DEV Community

Cover image for GEO: How AI Systems Actually Index Your Site
LucasGraphic
LucasGraphic

Posted on • Originally published at lucasgraphic.com

GEO: How AI Systems Actually Index Your Site

Generative Engine Optimization has arrived with the usual entourage of consultants, frameworks, and six-figure audits. Before the mythology solidifies, here is what it actually is: a small set of technical conventions that tell AI systems what your site contains and how to talk about it. The same thing SEO was in 1998, before someone decided it needed to be a profession.

This article covers what changed, what you need to do about it, and why most of what you will read about GEO elsewhere is padding around a two-hour implementation job.


What actually changed

Google's model was built on a simple loop: user types query, search engine returns ranked list of URLs, user clicks, user reads. Your job as a site owner was to appear in that list as high as possible. Traffic came from clicks.

The new loop is different. User types query into ChatGPT, Perplexity, or Claude.
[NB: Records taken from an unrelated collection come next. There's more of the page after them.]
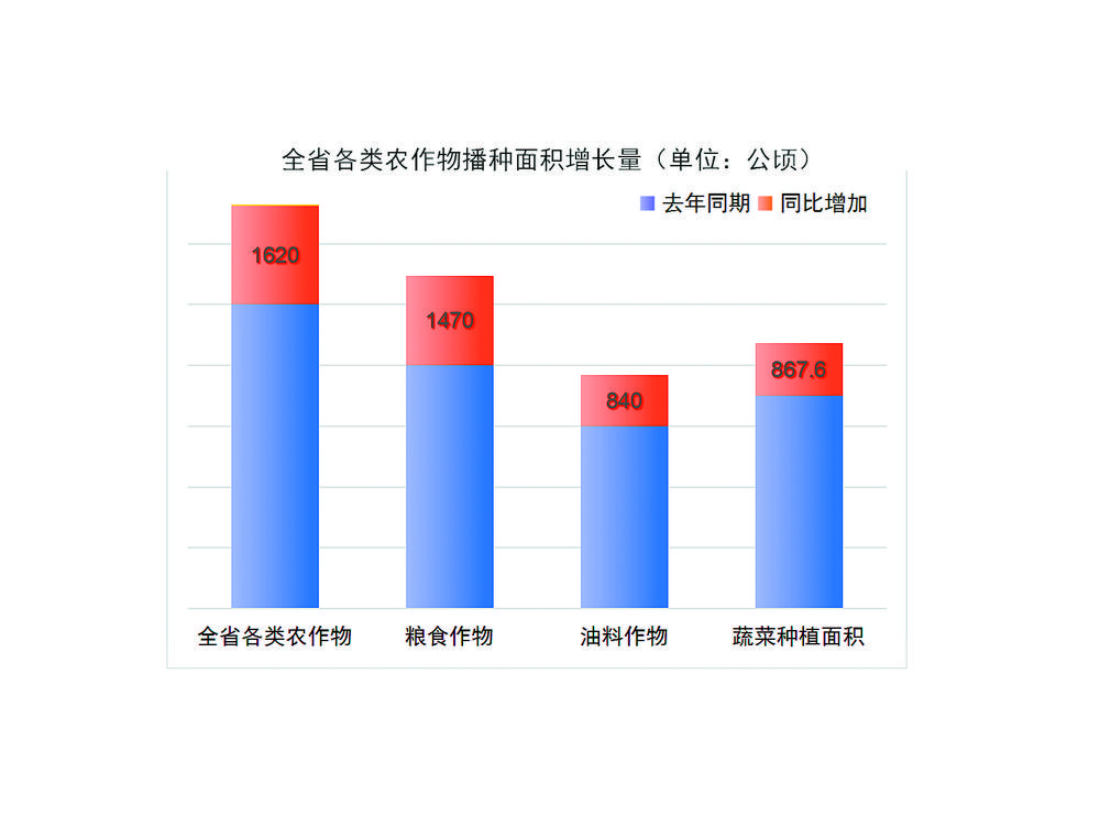 截至6月底,全省各類農(nóng)作物播種面積57.89萬公頃,同比增加1620公頃,是近年來播種面積最多的一年,其中,糧食作物增加1470公頃,油料作物增加840公頃。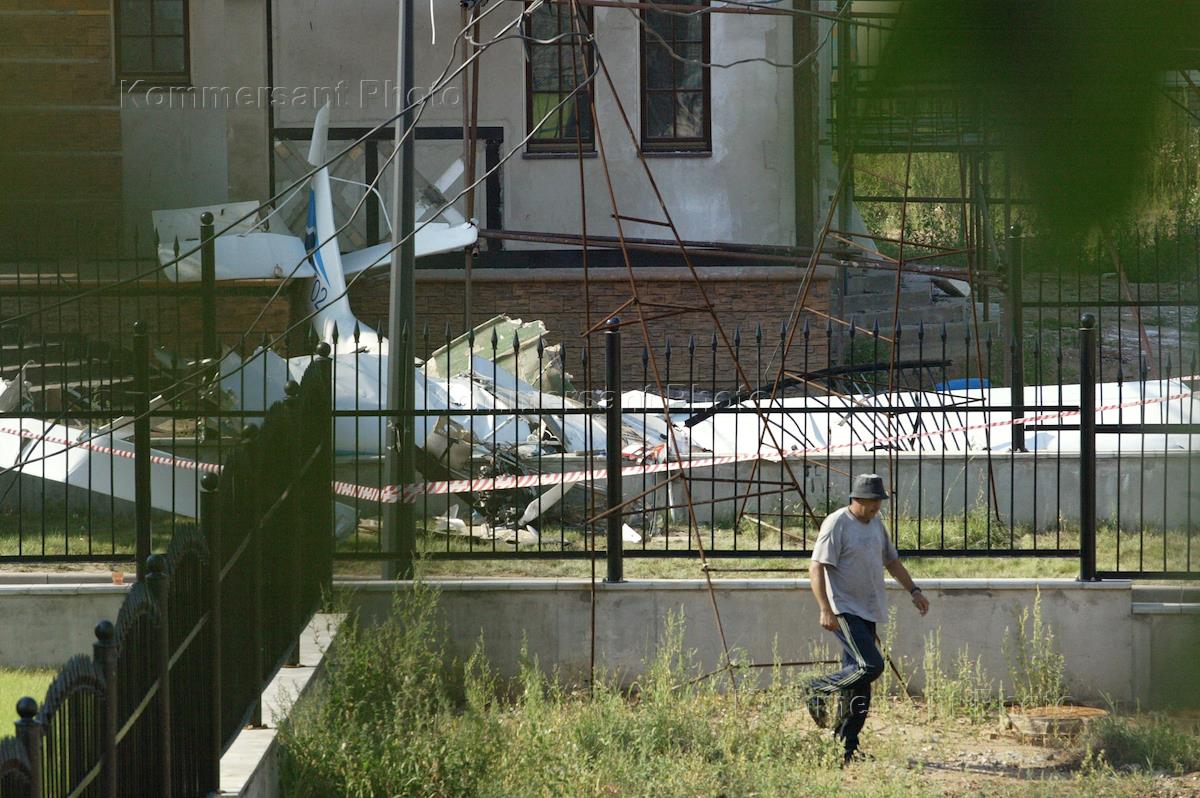 Debris of the hydroplane 'Corvet' which ran into a metal beam at a country-house construction site outside Moscow and crashed on the ground. The pilot, one passenger, and a construction worker died in the incident.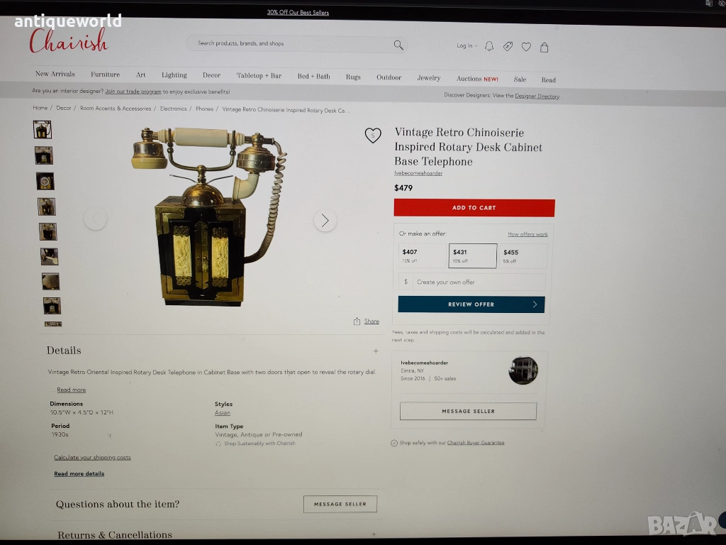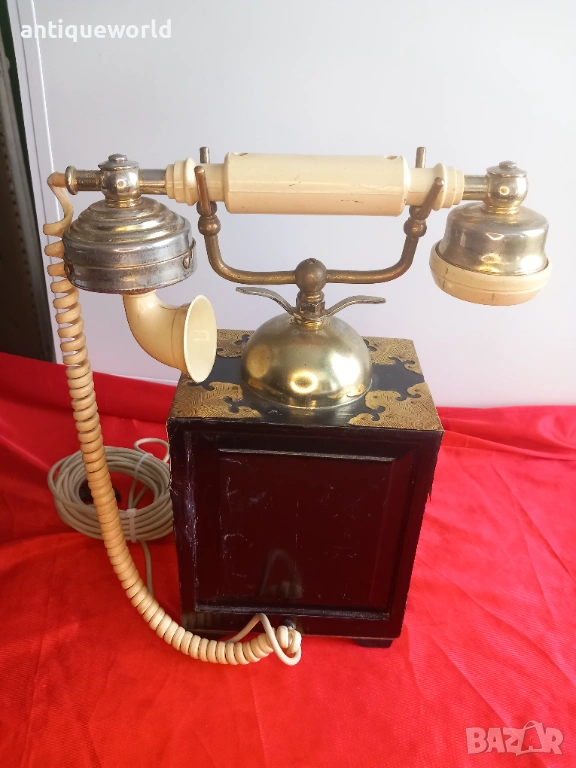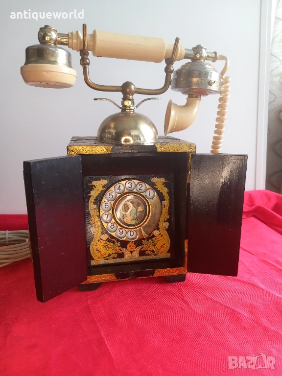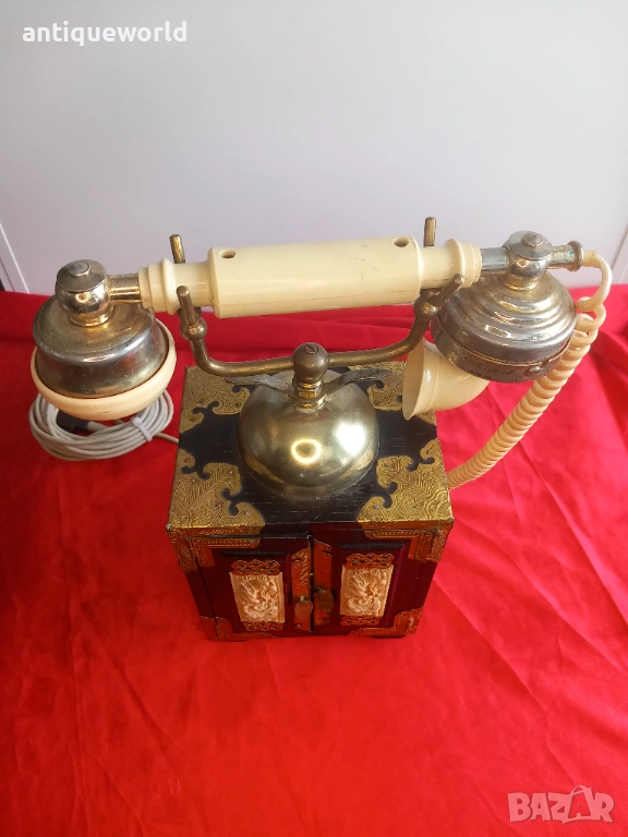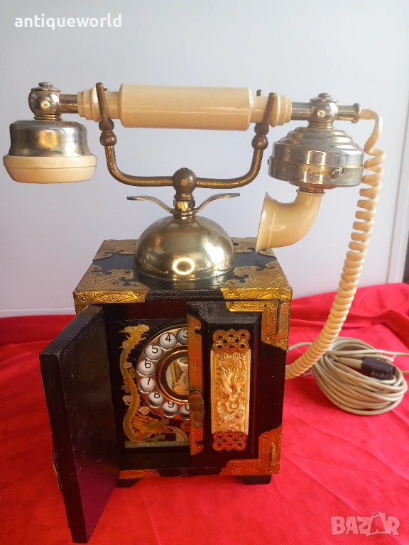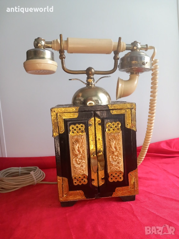 Уникален Стар Голям Масивен Много Красив Настолен ,Стационарен Телефон стил Мандарин от 1960-те.Тип Старинен Китайски Дървен Шкаф, Украсен с Невероятни Месингови Елементи и Кост с Изображения на Дракони.

The model either retrieves content from its training data or -- increasingly -- fetches it live. The model synthesizes an answer and presents it directly. There is no list of URLs to rank in. There may be a citation, or there may not be. The user may never visit your site at all.

This is not a future scenario. If you run a website and look at your server logs right now, you will find GPTBot, ClaudeBot, PerplexityBot, and Google-Extended crawling your pages. They are already there. They have been for months. The question is not whether AI systems are indexing your content -- they are -- but whether they are indexing it correctly and whether they can cite you accurately when someone asks a relevant question.


How AI crawlers differ from Googlebot

Googlebot reads your page and asks: is this relevant to a search query? It looks at keywords, backlinks, page authority, freshness. The ranking algorithm has hundreds of signals built over twenty years.

AI crawlers read your page and ask something different: what is this about, who made it, is it trustworthy, and how should I describe it to someone who asks? They are not building a ranked list. They are building a model of your content that can be retrieved and synthesized later.

The practical difference: Googlebot rewards you for ranking signals. AI crawlers reward you for clarity. A page optimized for keyword density and backlink profile may rank well in Google and be useless to an AI system that cannot figure out who wrote it, what their expertise is, or whether the information is current.

Traditional SEO optimizes for position. GEO optimizes for comprehension.


The files that matter

llms.txt

In late 2024, a convention emerged: llms.txt, a plain text file at the root of your domain that describes your site to AI systems in a structured, human-readable format. Think of it as robots.txt for language models -- not a technical protocol enforced by browsers, but a convention that AI crawlers increasingly look for and use.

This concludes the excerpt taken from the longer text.